O júri já foi adiado uma vez por causa da pandemia da Covid-19 e outra após o então advogado do conselheiro do Atlético-GO desistir da defesa.
Leia mais
Ex-vice-presidente do Atlético-GO vai à júri por execução de radialista
Entenda o caso
Valério Luiz tinha 49 anos, dois empregos. Era comentarista em um programa de esportes da PUC TV, e também trabalhava em uma rádio. Era polêmico e não media as palavras quando as críticas eram contra o time do coração: o Atlético-GO.
"O time estava na lanterna do Campeonato Brasileiro. Foi nesse contexto que meu pai estava desferindo suas críticas na época. Meu pai creditava isso, essa má fase do Atlético, dava responsabilidade aos dirigentes. Dizia que não se interessavam pelo bem do clube, mas estavam lá para interesses pessoais", lembra o filho, Valério Luiz Filho.
E quando os dirigentes começaram a deixar o clube, Valério fez o seguinte comentário: "Você pode olhar em filme de aventura, quando o barco tá enchendo de água, os ratos são os primeiros a pular fora".
Dois dias depois desse comentário, o clube proibiu a entrada de todos os jornalistas que trabalhavam com Valério Luiz e disse ainda que ele era persona non grata. A carta foi assinada pelo presidente do clube e por Maurício Sampaio, então vice-presidente do clube e alvo de críticas de Valério.
Duas semanas depois, Valério Luiz foi assassinado quando saia da rádio. Para a polícia e o Ministério Público, Maurício Sampaio é considerado o mandante do crime.
Segundo as investigações, ele teria encomendado a morte do jornalista para dois policiais militares - que faziam informalmente a segurança dele: sargento Djalma da Silva e o cabo Ademá Figuerêdo.
O esquema também teria contado com a ajuda de uma espécie de faz tudo do dirigente, Urbano Malta, e de um informante da polícia: Marcus Vinícius Pereira Xavier.
Depois de quase um ano de investigação, eles chegaram a ser presos por 90 dias, em 2013, mas desde então aguardam o julgamento em liberdade.
Marcus Vinícius tinha um açougue, que vendia espetinhos. Segundo ele, a ação foi planejada pelo sargento Djalma da Silva - que é apontado como articulador do crime.

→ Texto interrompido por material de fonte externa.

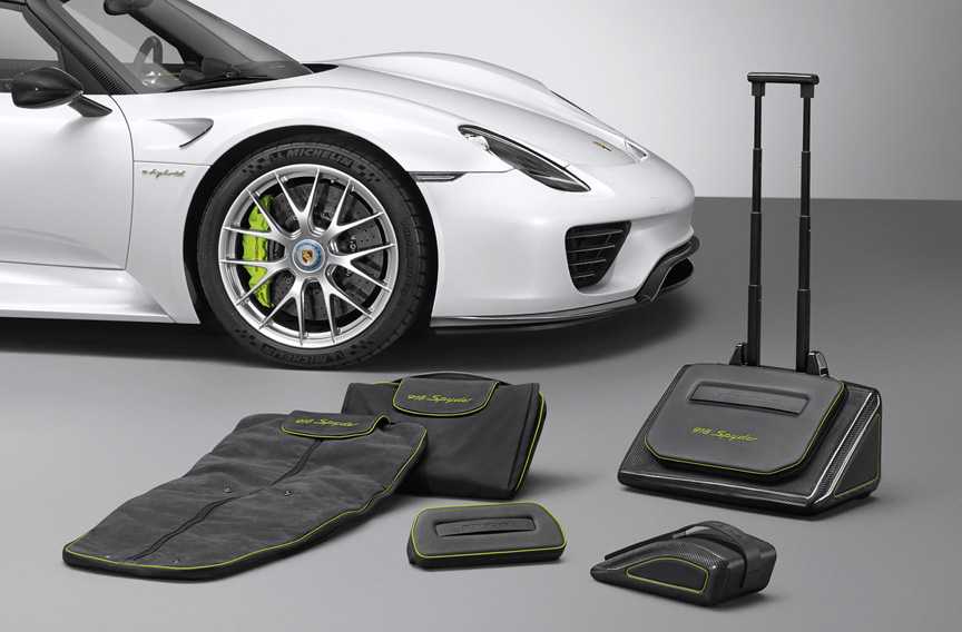 Designed by the Porsche Design Studio and developed by Porsche in Weissach, the luggage collection is an ideal match for the interior. The luggage set was available in the same color combinations as the interior: Garnet Red-Silver, Onyx Black-Acid Green, Onyx Black-Silver, Mocca Brown-Silver and Mocca Brown-Orange. Porsche

A tarefa de Marcus Vinícius, segundo a polícia, foi arrumar uma moto, capacete e uma camiseta para serem usados no crime. O assassino, ainda segundo a polícia, seria Ademá Figuerêdo, que no dia da execução saiu de um condomínio próximo, e seguiu até onde estava Marcus Vinícius.
“Me pediu a moto do meu pai emprestada. E a moto do meu pai é preta”, disse Marcus Vinícius.

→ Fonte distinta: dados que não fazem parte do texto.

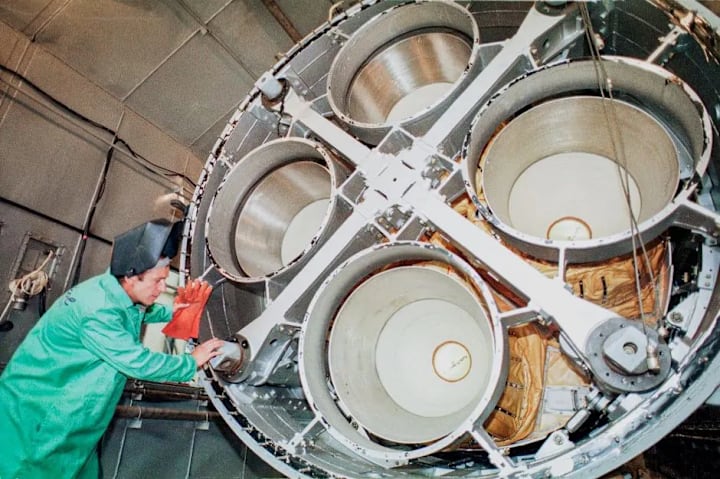 An engineer examines the engine of an SS-19 intercontinental ballistic missile in Dnipro, Ukraine, 1996. Credit: AP

A tarefa de Marcus Vinícius, segundo a polícia, foi arrumar uma moto, capacete e uma camiseta para serem usados no crime. O assassino, ainda segundo a polícia, seria Ademá Figuerêdo, que, no dia da execução, saiu de um condomínio próximo, e seguiu até onde estava Marcus Vinícius.

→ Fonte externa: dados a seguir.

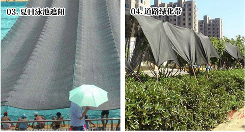 遮阳网主要应用在夏季,尤其是南方推广面积大。有人形容说:北方冬季是一片白(薄膜覆盖),南方夏季是一片黑(覆盖遮阳网)。夏季在南方利用遮阳网栽培蔬菜已成为防灾保护的一项主要推广的技术措施。北方应用还只限于夏季蔬菜育苗。夏季(6—8月)覆盖遮阳网主要作用是防烈日的照射、防暴雨的冲击、高温的危害、的传播,尤其是对阻止虫害迁移起到很好的作用。

“Ele passou, pegou a arma, o capacete e a moto, e foi embora”, relatou Marcus Vinícius.
E no depoimento Marcus Vinícius indica o mandante: "Eu escutei que o que acontecer era a mando do patrão do Urbano".
Investigador: Quem era ele?
Marcus Vinícius: Maurício Sampaio, patrão do Urbano.
As imagens das câmeras de segurança foram apagadas e as que foram entregues à polícia pelo próprio réu não estão completas. Em depoimento, o sargento Figuerêdo não soube explicar por que não entregou todas as imagens.
Dos cinco réus, só Marcus Vinícius confessou a participação no crime. Desde que a Justiça decidiu que os acusados iriam a júri popular, as defesas recorreram em todas as instâncias pelos mais variados motivos.
Hoje, Maurício Sampaio ocupa o cargo de conselheiro do Atlético-GO. A defesa dele diz que não há provas para condená-lo. Em nota, o Atlético-GO disse que não vai se manifestar sobre o julgamento.

Câmera registra momento em que Toro conduzida por adolescente bêbado atinge casal; veja
A caminhonete teria avançado o sinal vermelho e atingido a motocicleta. Com a força da batida, o casal foi arremessado e ficou gravemente ferido.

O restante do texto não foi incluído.